Women depicted by Homer in his work seem to be the source of danger and obstacles for men in the case when they have too much power. There are many situations in the work when Odysseus as a man cannot control his choice, course, crew, and even his will because of the females’ impact. Thus, when Homer depicts female characters, including monsters, as having power equal to that of males, it is possible to state that he considers gender equality as a cultural monster leading to destruction. The reason is that many behaviors of these female characters are masculine in their nature, and they need to be further discussed with reference to examples.
There are many illustrations of a kind of gender equality in The Odyssey, especially when discussing the behavior and actions of female immortals. For instance, Calypso and Circe try to seduce Odysseus, and in this case, they act like men when avoiding a submissive role in relationships (Homer 64-80).

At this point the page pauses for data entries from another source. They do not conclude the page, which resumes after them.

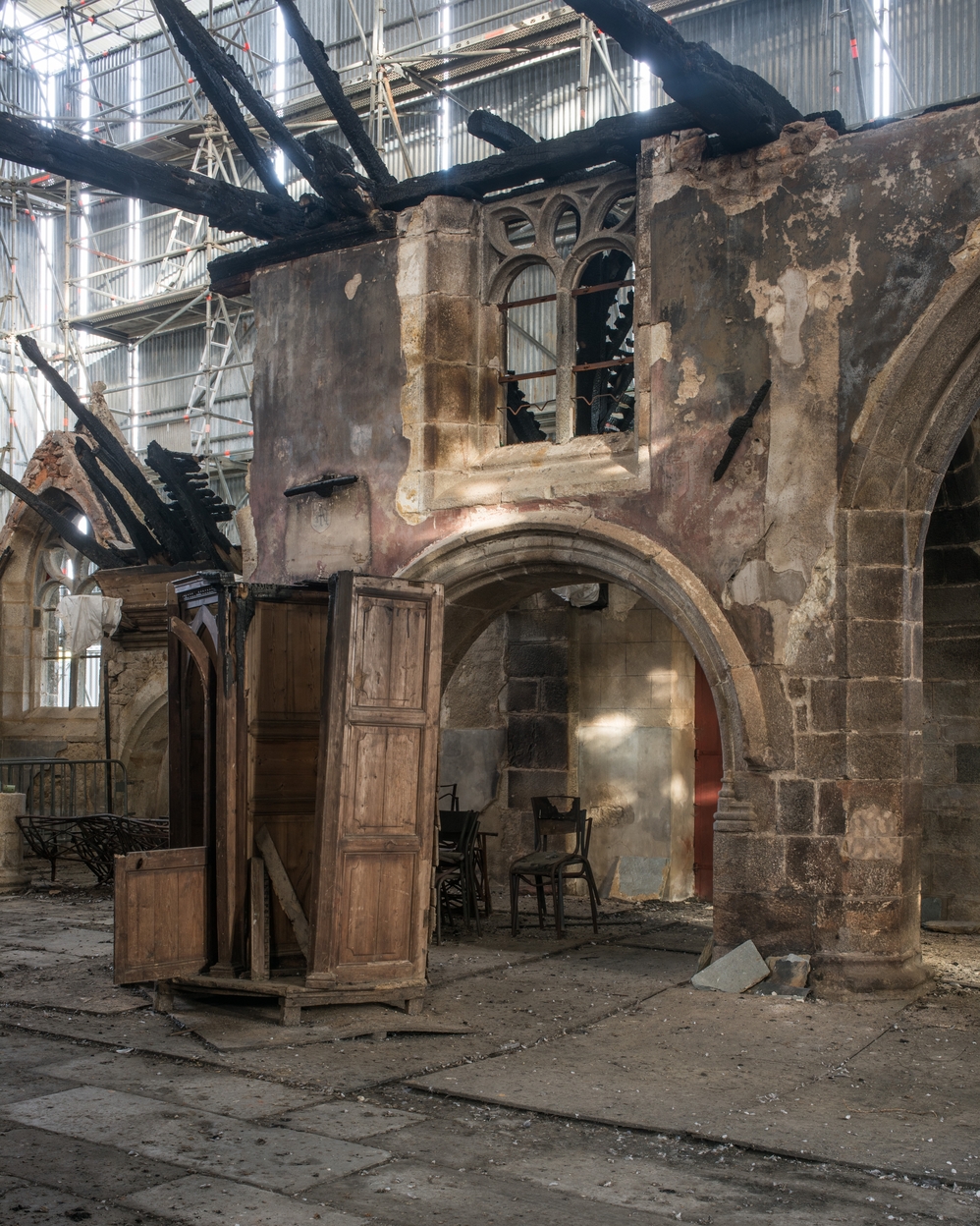 Trémel, le bourg : église paroissiale Notre-Dame, vue intérieure (après l'incendie du 21 juin 2016)Immatriculation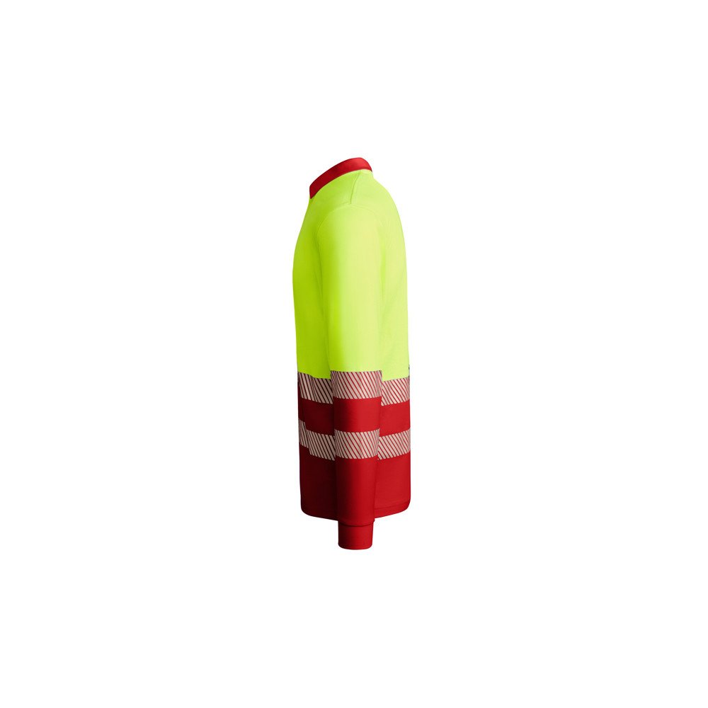 Pikkade varrukatega tehniline kõrge nähtavusega polosärk.· 1x1 soonikuga krae.· Kontrastne 3 nööbiga plakk.· Kaks segmenditud kõrgelt nähtavate ribade rindkere ja varrukad.· Mugav polüestrist ja puuvillast segakangas parema hingavuse tagamiseks.· Valikuline tasku.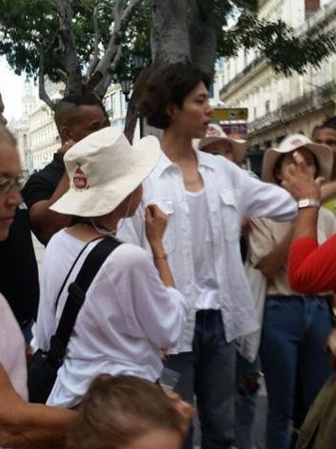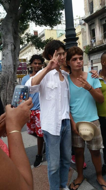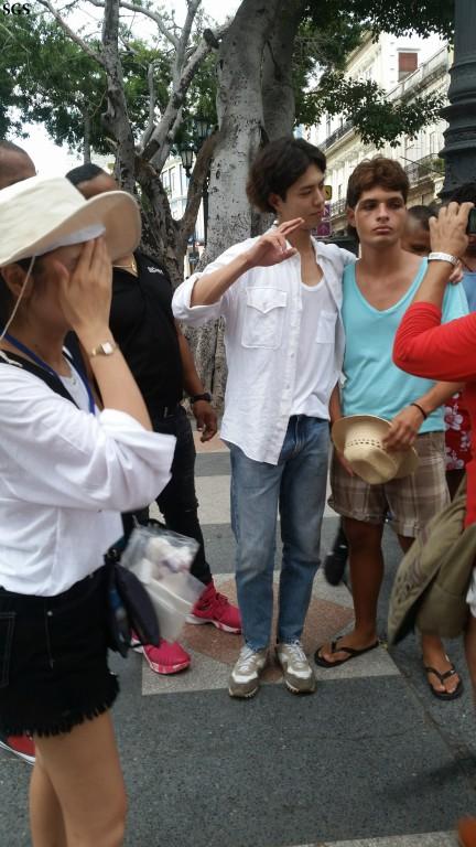 Park Bo Gum nở nụ cười thân thiện, vui vẻ tạo dáng trên đường phố Cuba cùng fan với mái tóc lòa xòa, thiếu chỉn chu so với hình ảnh điển trai thường thấy.

Sirens also play a similar role while attracting men for the purpose of seducing them (Homer 157-160). In this case, female Sirens even have more power than males because mortals cannot cope with the desire to succumb to the temptation. These examples demonstrate that immortal women in The Odyssey tend to act as men, and this behavior is almost always dangerous for males.
Scylla and Charybdis represent the other type of female monsters in the work who also have powers to control men. Thus, Scylla and Charybdis embody disgusting female immortal creatures that are also irresistible. They are not attractive, sensitive or helpful like other depicted female immortals in The Odyssey, but they seem to personify all the evil associated with women and give a reason not to trust females. The actions of these monsters are masculine as their goal is to do all possible to kill Odysseus and the members of his crew (Homer 158-167). As a result, the body of a female monster in The Odyssey can be viewed as a cultural concept associated with gender equality fearing the males of the period when Homer lived and wrote his story.
It is possible to state that the gender-related expectations regarding female immortals in The Odyssey are not supported in most cases depicted in the work. Instead, it seems that Homer refers to female monsters as the examples to demonstrate the destructive consequences of regarding women as strong human beings or individuals equal to men. From this perspective, it is possible to conclude that Homer would perceive the idea of gender equality depicted in a specific manner in his work as a kind of a cultural monster that needs to be avoided.
Homer. The Odyssey. Translated by Anthony Verity, Oxford University Press, 2016.